Ich lese zum einen „Faunblut“ von Nina Blazon und bin auf S. 699/888. Parallel lese ich „Der Tod in Venedig“ von Thomas Mann. Ich bin auf S. 50/138.

2. Wie lautet der erste Satz auf deiner aktuellen Seite?

„Wie immer wenn die Rebellen fliehen mussten, zerstreuten sie sich wie ein Fischschwarm in alle Richtungen, kein Ziel mehr bietend, jeder einem anderen Versteck zustrebend.“ (Faunblut)

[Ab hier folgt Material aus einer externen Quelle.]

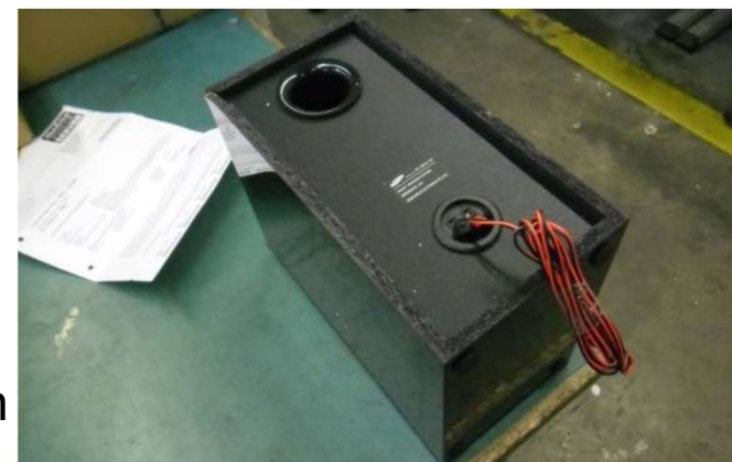
Auf diesem Bild ist kein Schaden zu erkennen →
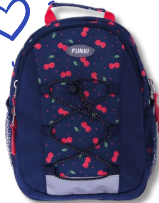
6022.014 Red Cherries

„Gleich in der Nähe ward polnisch gesprochen.“ (Der Tod in Venedig)

3. Was willst du unbedingt aktuell zu deinem Buch loswerden?

FAUNBLUT
Am Anfang fiel es mir ein wenig schwer, dem Buch eine Chance zu geben. Woran genau es lag, kann ich nicht sagen. Mittlerweile bin ich voll und ganz in der Story drin und LIEBE sie. Ich bin fast durch, möchte aber gar nicht, dass es endet. Zum Glück gibt es weitere Bücher der Autorin, ich hoffe, diese werden mich ebenso fesseln.

DER TOD IN VENEDIG
Mein letzter (Thomas) Mann ist ein wenig her: Der Zauberberg. Dieser Roman zog sich damals schrecklich lang, sodass ich eher entmutigt war, weitere Mann’sche Bücher zu lesen. Wie es der Zufall will, besuche ich in diesem Semester ein Seminar zu Thomas Mann im Film. Also komme ich nicht drum herum, weitere Bücher von diesem großen Literaturen zu lesen. Und das klingt furchtbar negativ, wie ich das so schreibe. Dabei habe ich den Zauberberg geliebt und liebe nun auch diese Erzählung. Allerdings erfordert es Ruhe und Zeit, Thomas Mann zu lesen. Zumindest meiner Meinung nach. Daher schiebt man es vor sich hin, lässt es dann doch und ja…. Eigentlich schade, da seine Werke nicht zu Unrecht so einen hohen Stellenwert in der deutschen Literaturlandschaft einnehmen.

4.Worauf achtest du beim kauf von Büchern? (z.B. Cover, Klappentext …)

Ich wiederhole mich schrecklich oft, aber ich kaufe keine beziehungsweise kaum Bücher. Ich leihe. Sehr aktiv. Aber auch da wählt man ja aus, also: Worauf achte ich beim Leihen von Büchern?

Meist „höre“ ich auf das, was auf Blogs und auf Facebook (z.B. in Buchgruppen) empfohlen wurde. Weiterhin lege ich großen Wert darauf, was meine Mutter liest und orientiere mich an ihrer Auswahl. Stehe ich allerdings in der Bibliothek und weiß noch nicht, was mitgehen soll, schaue ich in erster Linie wahrscheinlich nach dem Cover. Ist es ein wirklich hässlich gestaltetes Buch, nehme ich es auch eher weniger zur Hand. Natürlich ist das doof, weil was kann der Autor für die Gestaltung? Natürlich hat er ein Mitspracherecht, aber im Endeffekt sagt das Cover nichts über den Inhalt. Dennoch ist es so: Ein Eyecatcher fällt eben eher ins Auge. Ist mir ein Buch ins Auge gefallen, lese ich dessen Klappentext. Klingt es dann immer noch interessant, wird es mitgenommen.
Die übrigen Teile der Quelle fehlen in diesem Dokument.